Lego CMO: Put experience first and don't be a slave to the platform

Brands should use the consumer experience as their starting point when adopting new platforms, Lego's chief marketing officer said at Dmexco.

Dmexco: Julia Goldin and Michael Kassan
Dmexco: Julia Goldin and Michael Kassan

"Lego starts with a very clear mission – to inspire and develop the builders of tomorrow," said Julia Goldin, who was in conversation with Michael Kassan, MediaLink's chief executive officer, at Dmexco. 

She said: "We’re very clear about this mission, and everything starts there. So when we innovate, we start with that core experience.

"The key thing is to be very focused on the experiences you want to deliver and make sure you’re not becoming a slave to the platform."

Lego has increasingly moved beyond being a toy manufacturer in recent years. 2014’s The Lego Movie grossed $469m at the box office worldwide, and has led to the development of a sequel and three spin offs, due for release over the next several years.

Starting with Lego Star Wars in 2005, the brand has appeared in a series of successful co-branded video games set in the universes of Batman, Harry Potter, Pirates of the Caribbean, Indiana Jones and others.

Adult fans

On YouTube, the community of Lego enthusiasts has created a huge array of video content, with some building elaborate machines from the bricks. Goldin claimed the collective audience for this user-generated content made Lego the most viewed brand on the platform.

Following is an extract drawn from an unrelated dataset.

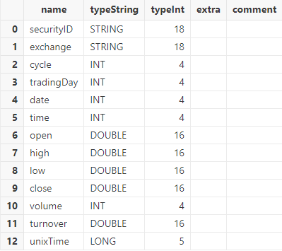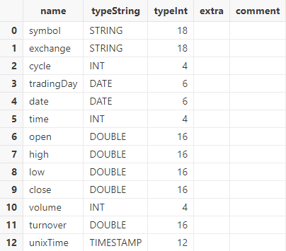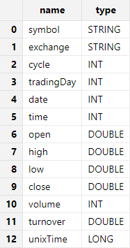调用 schema 函数查看表结构。可以发现,导入的 tradingDay 列和 date 列的数据类型为

After showing the audience a compilation of clips from YouTube, Kassan said, "any of the clips in that video could act as content in and of itself. Your brand is your content."

Goldin said the "AFOL" (adult fans of Lego) community was invaluable because "they give us a lot of very interesting advice", and were usually the first to buy major sets, such as tie-ins for the new Star Wars films.

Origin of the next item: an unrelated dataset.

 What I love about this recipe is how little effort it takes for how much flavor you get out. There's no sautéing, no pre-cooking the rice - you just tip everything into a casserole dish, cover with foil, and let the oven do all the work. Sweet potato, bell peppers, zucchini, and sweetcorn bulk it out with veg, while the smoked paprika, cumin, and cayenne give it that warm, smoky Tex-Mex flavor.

The versatility and opportunity for creativity provided by the product did have a potential drawback, she continued, and "one of the down sides of having a lot of ideas available to you is making the wrong choices."

But this meant the business adopted a very collaborative creative process. She said: "When we have a product and a core idea, the whole team comes together – we are not linear. We bring everyone together, product developers, content developers, advertising partners."

Getting girls into Lego

Goldin also defended gender-targeting in the brand’s marketing, insisting that offering products aimed at girls did not put them into a ghetto.

"We have a big belief that Lego is for everybody," she said. "Over the past ten, 20, 30 years there’s been a big divide in the toy industry, and what we’ve identified is that to get girls to play with Lego we had to be more relevant to them, connect to their world.

"We have huge opportunities to bring more and more girls into Lego. They might come in and get engaged with something more targeted, but then they start getting interested in Star Wars and Minecraft, and there are plenty of examples of girls getting engaged with those products."